Stored data entries
Segment Open

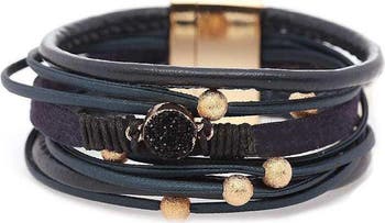 Go boho with this multi-strand faux leather bracelet featuring gold-tone beads and a drusy stone accent.
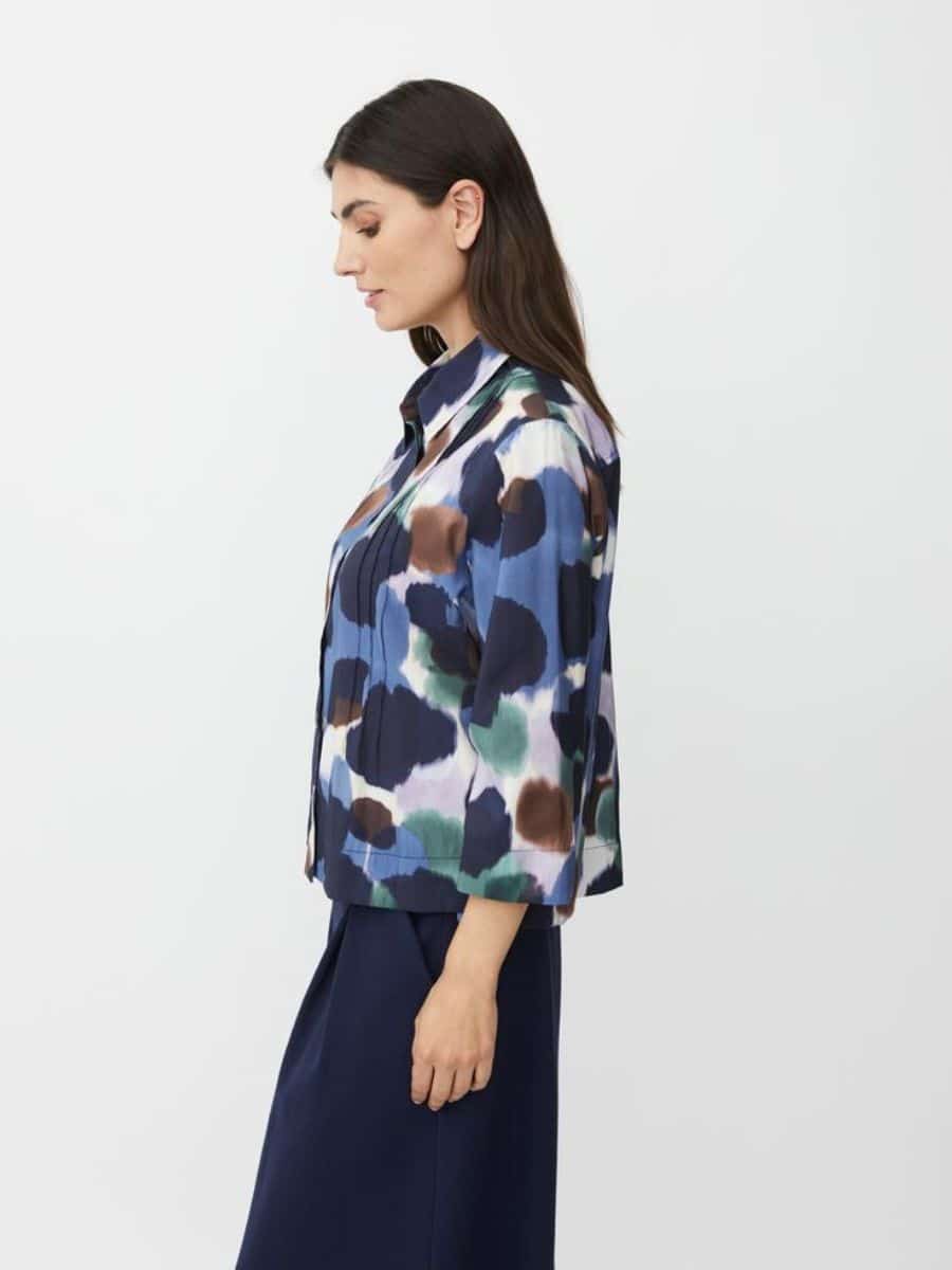 Denne smukke model er med en smart reverskrave, som går ned i en gennemgående knappe lukning, derudover har denne smukke Masai bluse et kort boxy snit, med smukke syninger foran, og en kort slids i begge sider i bunden. Blusen har 4/5 lange ærmer, som er en smuk detalje, ærmerne sidder løst til kroppen, som giver en smart og moderne detalje.
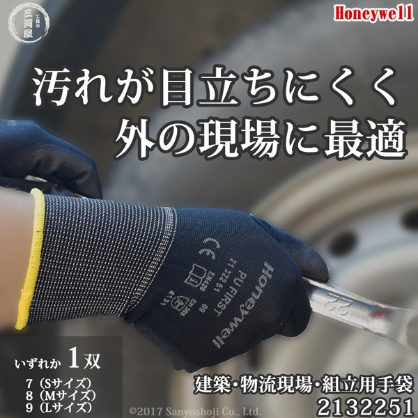 Honeywellの汚れの目立ちにくい作業用手袋、PUファースト ブラック(ピュアブラック)です。
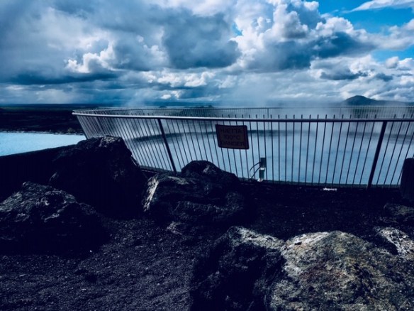 Today we visited Lake Myvatn (pronounced MEE-vah) to see the many attractions of that area. To get there, you have to register online to get a pass to go through the Vadisheidargong (I don’t even have the letters in my font set to write this properly) Tunnel, seven and a quarter kilometers long, cut through volcanic rock. It’s not the longest tunnel in the world, but I think it may be the longest tunnel I have ever traversed.
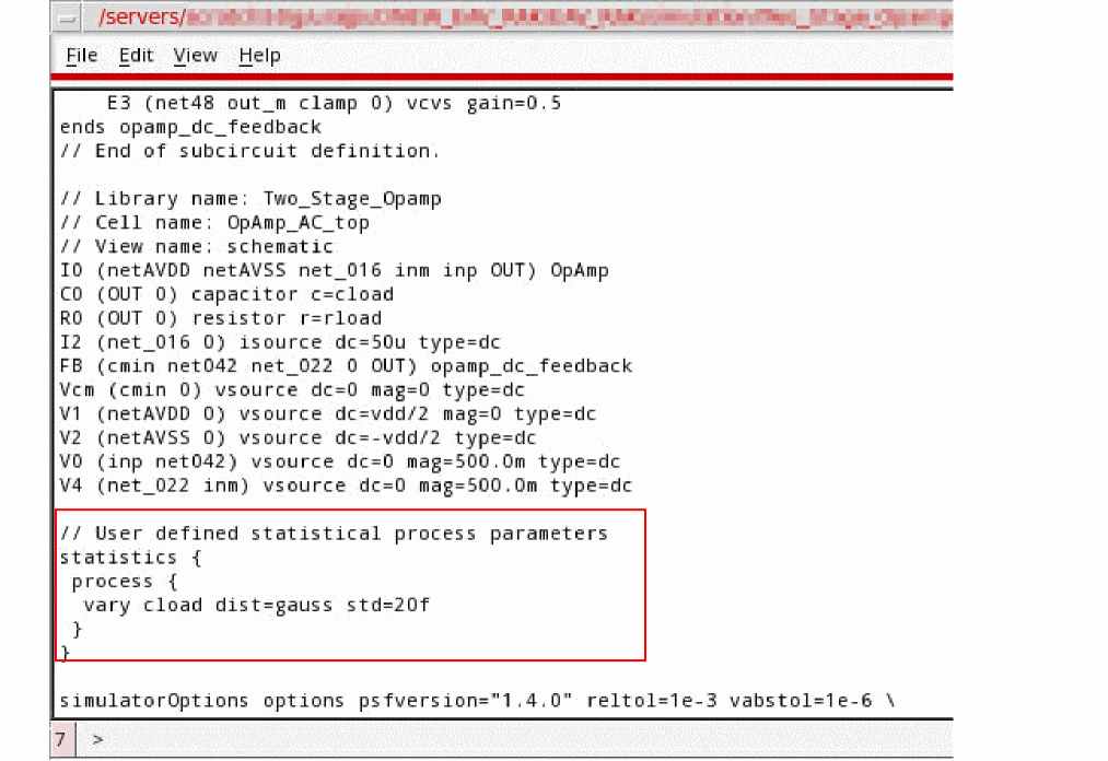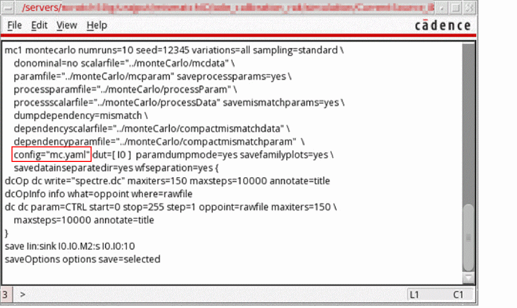 "mc.yaml" is specified as the value of the Spectre montecarlo parameter config in the netlist, as shown in the following figure.
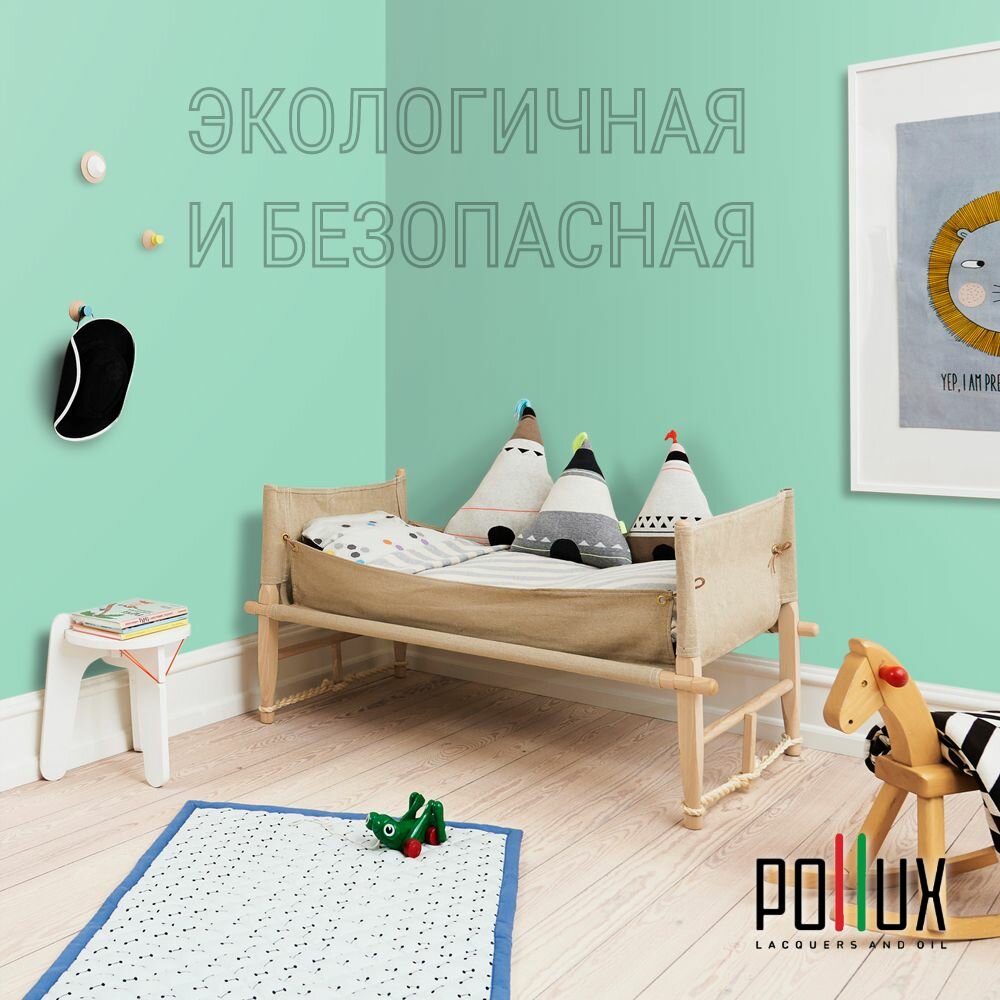 Краска моющаяся интерьерная для стен и потолков, Pollux INTERIOR без запаха, быстросохнущая, акриловая, матовое покрытие, цвет NCS S 1030-B90G, 1л. информация:
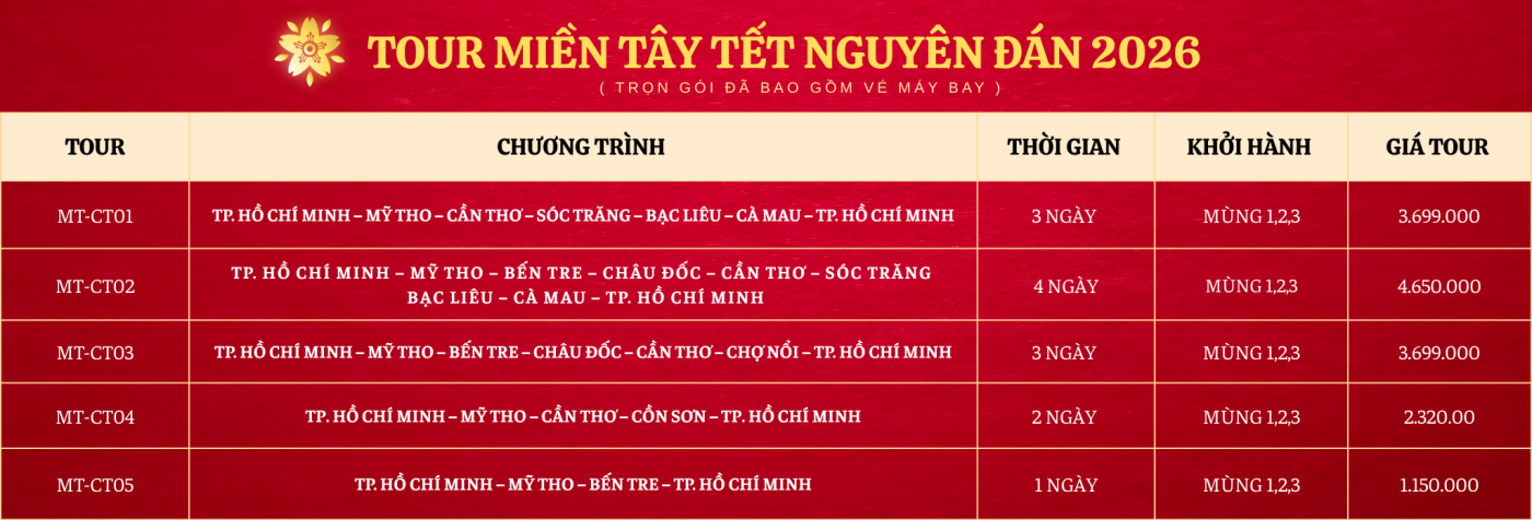 Tour Du Xuân Mỹ Tho - Cần Thơ - Sóc Trăng - Bạc Liêu - Cà Mau
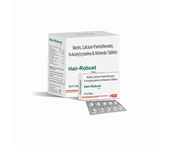 Composition : Biotin 10 Mg + Calcium Pantothenate 100 Mg + Acetylcysteine 50 Mg + Zinc 22.5 Mg In Drug Packing : 10*1*10 Type :  Alu Alu Detail:-Asto Hair Robust – advanced hair care supplement to support hair growth, strengthen roots, reduce hair fall and nourish scalp for healthier, stronger hair.
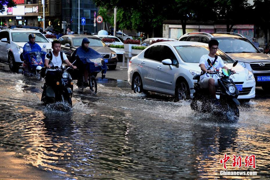 福州突降雷阵雨 市民涉水出行

Segment Closed

• _Exercise_:
Would you restate the records above word for word and exclude the pictures?

• _Task result_:
 Go boho with this multi-strand faux leather bracelet featuring gold-tone beads and a drusy stone accent.
 Denne smukke model er med en smart reverskrave, som går ned i en gennemgående knappe lukning, derudover har denne smukke Masai bluse et kort boxy snit, med smukke syninger foran, og en kort slids i begge sider i bunden. Blusen har 4/5 lange ærmer, som er en smuk detalje, ærmerne sidder løst til kroppen, som giver en smart og moderne detalje.
 Honeywellの汚れの目立ちにくい作業用手袋、PUファースト ブラック(ピュアブラック)です。
 Today we visited Lake Myvatn (pronounced MEE-vah) to see the many attractions of that area. To get there, you have to register online to get a pass to go through the Vadisheidargong (I don’t even have the letters in my font set to write this properly) Tunnel, seven and a quarter kilometers long, cut through volcanic rock. It’s not the longest tunnel in the world, but I think it may be the longest tunnel I have ever traversed.
 "mc.yaml" is specified as the value of the Spectre montecarlo parameter config in the netlist, as shown in the following figure.
 Краска моющаяся интерьерная для стен и потолков, Pollux INTERIOR без запаха, быстросохнущая, акриловая, матовое покрытие, цвет NCS S 1030-B90G, 1л. информация:
 Tour Du Xuân Mỹ Tho - Cần Thơ - Sóc Trăng - Bạc Liêu - Cà Mau
 Composition : Biotin 10 Mg + Calcium Pantothenate 100 Mg + Acetylcysteine 50 Mg + Zinc 22.5 Mg In Drug Packing : 10*1*10 Type :  Alu Alu Detail:-Asto Hair Robust – advanced hair care supplement to support hair growth, strengthen roots, reduce hair fall and nourish scalp for healthier, stronger hair.
 福州突降雷阵雨 市民涉水出行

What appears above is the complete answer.